WHAT YOU ARE ASKED TO DO =
Give back the lines below exactly, but do not include any pictures.

Stored entries =
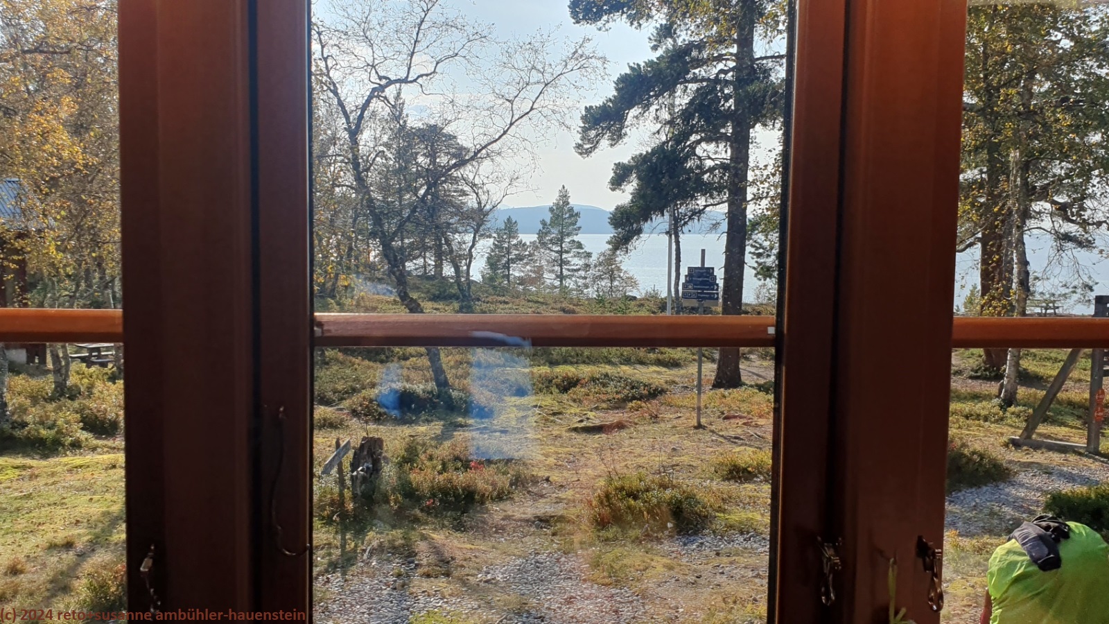 die aussicht von der hütte auf den rogen und die dahinterliegenden berge ist fantastisch. der hüttenwart begrüsst uns freundlich und meint, wir seien im moment die einzigen gäste. er erwartet noch ein schwedisches paar, welches aber erst spät ankommen wird. wir erhalten ein glas preiselbeersaft, der schmeckt fantastisch. auch diese stuga hat zwei räume mit je zwei schlafnischen. allerdings gibt es hier nur vier betten pro nische und nicht fünf, wie in den meisten anderen hütten dieser art. wir dürfen den einen raum in beschlag nehmen.
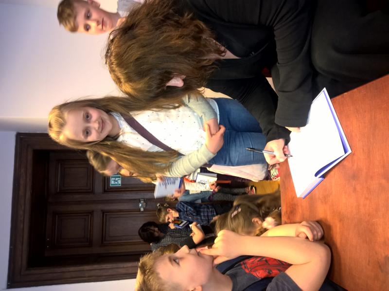 Wyjazd zakończyło kameralne spotkanie z autorką poczytnych książek dla młodzieży, p. Ewą Karwan-Jastrzębską, laureatką wielu nagród, scenarzystką, dziennikarką radiową i telewizyjną. Uczniowie podczas spotkania zakupili książki, które podbiły serca młodych czytelników, pt. Banda Michałka powraca. Autorka opatrzyła je nie tylko autografem, ale również indywidualną dedykacją. Słuchacze zadawali artystce wiele pytań zarówno dotyczących sfery życia zawodowego jak i prywatnego. Uczniowie pytali panią Ewę o Misia Fantazego oraz o to, skąd autorka czerpie pomysły literackie i w efekcie stwierdzili, że przynajmniej niektórzy spośród nich mają predyspozycje, by zostać ludźmi pióra.
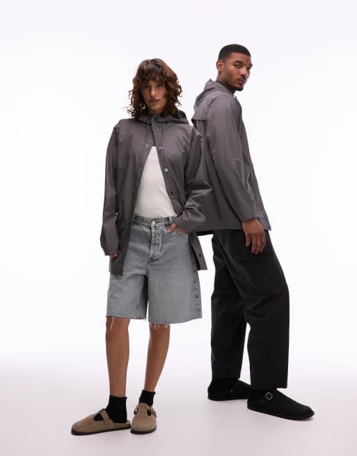 Rains 12010 unisex waterproof long hooded jacket in gray
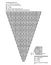 Fortsätt efter diagrammet, den yttersta kantm i var sida stickas rät alla varv av arb. Som framgår av diagrammet ökas det på detta sätt 1 m (omslagen) i båda sidor växelvis på vartannat och vart 4:e varv hela arb igenom.
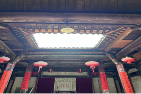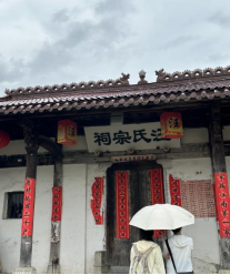傩文化,作为中国非物质文化遗产的重要组成部分,以其神秘的面具、独特的仪式和丰富的民间传说而闻名。傩戏是富有宗教色彩的一种民间艺术。在安徽池州一带流行的傩戏是我国现存的“最古老、最完整”的古戏曲之一,有“戏曲活化石”之称。学生们在老师的带领下,深入池州的乡村,与当地傩文化传承人进行了深入的交流和学习。我们的第一站是荡里姚村的姚氏宗祠,姚氏宗祠是一处明、清时期祠堂建筑。祠堂三进,为台梁架砖木结构,梁枋雕刻较少,正中是大厅,两侧为厢房,后进祭祖台两边镶有明嘉靖二十五年(公元1546年)来龙碑记和嘉庆二十五年(公元1816年)重修建祠家谱碑刻。祠前广场是荡里姚氏家族演出傩戏的场所。广场顶端筑有半月形放生池,并立有现代碑刻,记载了唐代李白到此而作《宿虾糊》诗句。

SOLUTION TO THE EXERCISE =
 die aussicht von der hütte auf den rogen und die dahinterliegenden berge ist fantastisch. der hüttenwart begrüsst uns freundlich und meint, wir seien im moment die einzigen gäste. er erwartet noch ein schwedisches paar, welches aber erst spät ankommen wird. wir erhalten ein glas preiselbeersaft, der schmeckt fantastisch. auch diese stuga hat zwei räume mit je zwei schlafnischen. allerdings gibt es hier nur vier betten pro nische und nicht fünf, wie in den meisten anderen hütten dieser art. wir dürfen den einen raum in beschlag nehmen.
 Wyjazd zakończyło kameralne spotkanie z autorką poczytnych książek dla młodzieży, p. Ewą Karwan-Jastrzębską, laureatką wielu nagród, scenarzystką, dziennikarką radiową i telewizyjną. Uczniowie podczas spotkania zakupili książki, które podbiły serca młodych czytelników, pt. Banda Michałka powraca. Autorka opatrzyła je nie tylko autografem, ale również indywidualną dedykacją. Słuchacze zadawali artystce wiele pytań zarówno dotyczących sfery życia zawodowego jak i prywatnego. Uczniowie pytali panią Ewę o Misia Fantazego oraz o to, skąd autorka czerpie pomysły literackie i w efekcie stwierdzili, że przynajmniej niektórzy spośród nich mają predyspozycje, by zostać ludźmi pióra.
 Rains 12010 unisex waterproof long hooded jacket in gray
 Fortsätt efter diagrammet, den yttersta kantm i var sida stickas rät alla varv av arb. Som framgår av diagrammet ökas det på detta sätt 1 m (omslagen) i båda sidor växelvis på vartannat och vart 4:e varv hela arb igenom.
傩文化,作为中国非物质文化遗产的重要组成部分,以其神秘的面具、独特的仪式和丰富的民间传说而闻名。傩戏是富有宗教色彩的一种民间艺术。在安徽池州一带流行的傩戏是我国现存的“最古老、最完整”的古戏曲之一,有“戏曲活化石”之称。学生们在老师的带领下,深入池州的乡村,与当地傩文化传承人进行了深入的交流和学习。我们的第一站是荡里姚村的姚氏宗祠,姚氏宗祠是一处明、清时期祠堂建筑。祠堂三进,为台梁架砖木结构,梁枋雕刻较少,正中是大厅,两侧为厢房,后进祭祖台两边镶有明嘉靖二十五年(公元1546年)来龙碑记和嘉庆二十五年(公元1816年)重修建祠家谱碑刻。祠前广场是荡里姚氏家族演出傩戏的场所。广场顶端筑有半月形放生池,并立有现代碑刻,记载了唐代李白到此而作《宿虾糊》诗句。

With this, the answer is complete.